Finding Bugs with Property Based Testing in a Statistics Calculation

I always loved the idea of Property Based Testing, it was the most mind blowing idea I encountered while learning clojure many years back. However, I always found it hard to apply in practice. I barely encountered the “easy” case where an operation was reversible (if I encode a term and then decode it again it should be equal to the original term, for instance). And the properties I came up always seemed to loose to catch any bugs.

So, I thought well let’s give it another shot. I got all these statistics functions in benchee/statistex – data should be easy to generate for them. Let’s give it a shot, we’ll surely not find a bug… or will we?

The first property based tests

If nothing else, I wanted to make sure no matter what numbers you throw at my statistics module it won’t blow up. To implement it I used stream_data:


check all samples <- list_of(float(), min_length: 1) do
stats = statistics(samples)
assert stats.sample_size >= 1
assert stats.minimum <= stats.maximum
assert stats.minimum <= stats.average
assert stats.average <= stats.maximum
assert stats.minimum <= stats.median
assert stats.median <= stats.maximum
assert stats.median == stats.percentiles[50]
assert stats.standard_deviation >= 0
assert stats.standard_deviation_ratio >= 0
# property that mode occurs in the sample omitted for brevity
end

This is what I came up with – our samples are any non empty list of floats and there are a bunch of checks that make sure the values are somewhere between minimum and maximum or bigger than 0. No way the tests are failing…

Wait, the tests are failing?!

 Failed with generated values (after 2 successful runs):

* Clause: samples <- list_of(float(), min_length: 1) Generated: [-9.0, -1.0] Assertion with >= failed
code: assert stats.standard_deviation_ratio() >= 0
left: -1.131370849898476
right: 0

Honestly, I was shocked. On closer inspection, the standard deviation ratio was negative when I said it should always be positive. As the generated sample only contains negative numbers the average is negative as well. As the ratio is calculated by dividing the standard deviation by the average it turned out to be negative. Usually I only work with positive samples, hence it never occurred before. The ratio should still always be positive so an abs/1 call fixed it.

Another property

Thinking more I came up with another property:


check all samples <- list_of(float(), min_length: 1) do
percies = percentiles(samples, [25, 50, 75, 90, 99])
assert percies[25] <= percies[50]
assert percies[50] <= percies[75]
assert percies[75] <= percies[90]
assert percies[90] <= percies[99]
end

It’s much like the first properties, just making sure the percentile values are in order as they should there is absolutely no possibility that this will fail, absolutely none, well tested code… no chance it will fail …

IT FAILED AGAIN?!?!?!

 Failed with generated values (after 4 successful runs):

* Clause: samples <- list_of(float(), min_length: 1)
Generated: [1.0, 33.0]

Assertion with <= failed
code: assert percies[25] <= percies[50]
left: 25.0
right: 17.0

Wait, the 25th percentile is bigger than the 50th percentile? No way that’s ok.

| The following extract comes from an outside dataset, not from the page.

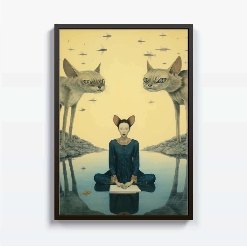 Explora lo surreal y lo místico con Meditación Felina, una pieza que fusiona serenidad, introspección y simbolismo fantástico. En un escenario onírico, una figura humana con rasgos felinos se encuentra en profunda meditación, flanqueada por dos imponentes gatos guardianes que parecen vigilar el umbral entre la conciencia y el subconsciente.

A lot of digging, googling and reading our original source for implementing percentile interpolation later I figured out the problem. Basically interpolation for small sample sizes is hard and also uncommon. We missed a clause/case stated in the source, that points out that for a too small percentile and sample size the value is to be set to the minimum.

Note that any p ≤ 1/(N+1) will simply be set to the minimum value.

Our p was 0.25 (25th percentile) and 0.25 <= 1/3. Implementing this clause (through guard clauses) fixed the test.

You can check out the full implementation and bug fixes in the PR.

Learnings

The generation part was super easy in the case shown. However, what’s impressive to me is that although the properties were very loosely defined they still uncovered 2 bugs. And that’s in code that both me and many of you have been running for quite a while in benchee. Sure, they are very specific edge cases but that’s what property based testing is good at: Finding edge cases!

If you have other ideas for properties to check, I’m happy to listen and learn. And give property based testing a shot yourselves even with very loose properties – you might be surprised what you find.

 

One thought on “Finding Bugs with Property Based Testing in a Statistics Calculation

  1. Thanks for this posting. It is a good and needed lesson to all of us supposedly professional software developers who do not avail ourselves of the wide range of available testing technologies. It is too easy to spend a few minutes writing the obvious tests and then sit back and think “yep that should cover it…I need to move on”. Um, think again!